唯一と言って良いほど自分の事を心配していつも話してくれていた妹の事を。

 

次に思い出したのはこの世界での出来事。

 

この世界に来て、自分を受け入れてくれたある神を。

 

こんな自分を好きになってくれたとあるエルフの少女の事を。

 

そして、最愛の彼女と主神を失った時のことを。

 

 

そして、この男との約束を誓った時のことを。

 

 

(やっぱりどうしても僕の心を突き動かすのはこの親友らしいね。)

 

「はは....本当に馬鹿みたいだね?僕」

 

紫苑は乾いた笑みの後に自分の体を見渡す。

 

「ここまで馬鹿みたいな事をしたのは君と一緒に暴れていた頃以来かな?」

 

紫苑は立ち上がり笑いながらベートの肩を叩き歩む。

 

「おっおい、紫苑!」

「悪かったね、親友....長い間待たせて、もう大丈夫、後は自分でどうにかするさ、君に殴られたんだ....もう迷わないさ。

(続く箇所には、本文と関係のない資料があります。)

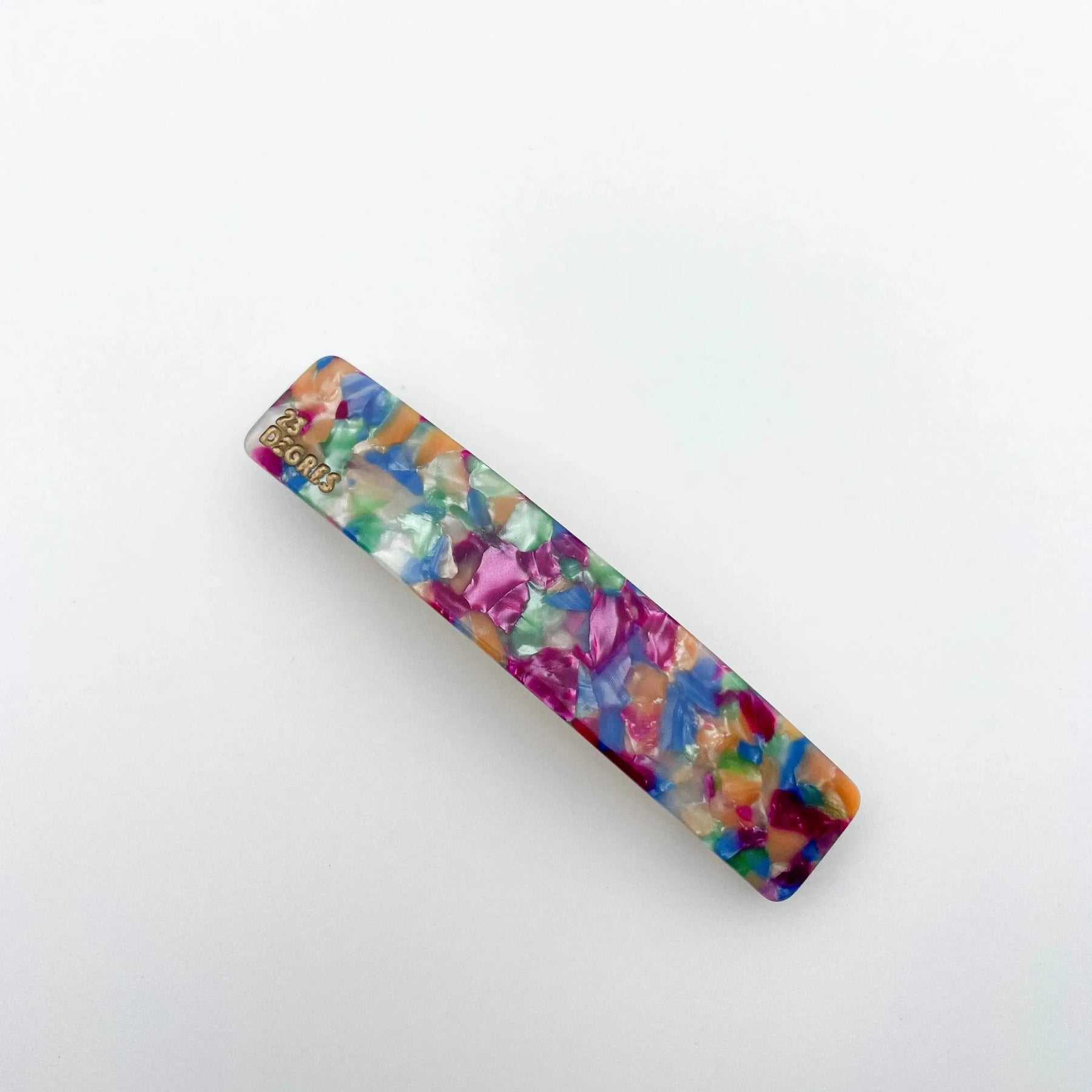 Een vrolijke explosie van kleur! De Sun16 haarspeld van 23 Degrés combineert fuchsia, perzik, turquoise en parelmoer in een speels, zomers design. Dankzij de stevige Clic-Clac-sluiting blijft je haar stijlvol op z’n plek – of je nu danst, werkt of relaxt.

」

 

困惑するベート、しかし紫苑の言葉に不思議と違和感は感じなかった。

 

「はっ、そうかよ、せいぜい一撃でも当てて来るんだな、馬鹿野郎。」

「わかってるさ。」

 

短い掛け合いではあったもののその2人の間には確かな、信頼があった。

 

「すまないね、オッタル、今からが僕の正真正銘の全力だ!負けるにしても必ず君にこの一撃を届かせよう!!」

 

オッタルは静かに口角を吊り上げるとあらん限りの声で叫んだ。

 

「ようやく帰って来たか!その全力をねじ伏せ俺は更に高みに行かせてもらう!来い!言葉 紫苑!!」

 

紫苑は過去に自分が決して使おうとせず、自分自身で使う事を禁じていた魔法を使う。

 

 

「我 雷鳴を 纏うものなり 雷鳴を操りし龍よ 我が願いに呼応し 現世へと その姿を顕現せよ」

 

紫苑の周りにはいつもの様に雷が集まりだけではない、雷は龍の形をとり紫苑の体に巻き付いていく。

 

その紫苑の姿は雷神の如く圧倒的な威圧感を放っていた。

 

「雷神龍!!」

「言葉...それは...!」

「この魔法は僕の雷光の本来の姿...雷光はこの雷神龍の詠唱を省略したものさ。」

 

紫苑は腕を後ろまで引き刺突の構えを取る。

 

ジェット噴射のようにカグヅチからは火が出ている。

 

「カグヅチにも魔力を回さなくちゃいけないからね...この一撃...この一撃を君に当てる!」

「来い!言葉お前のその一撃俺が受けてやる!」

 

オッタルは剣を取り構える。

 

それを見た瞬間に紫苑は炎と雷を纏いながら雷の如く駆け巡った。

 

オッタルと紫苑が衝突した瞬間にその場は真っ白な光に包まれた。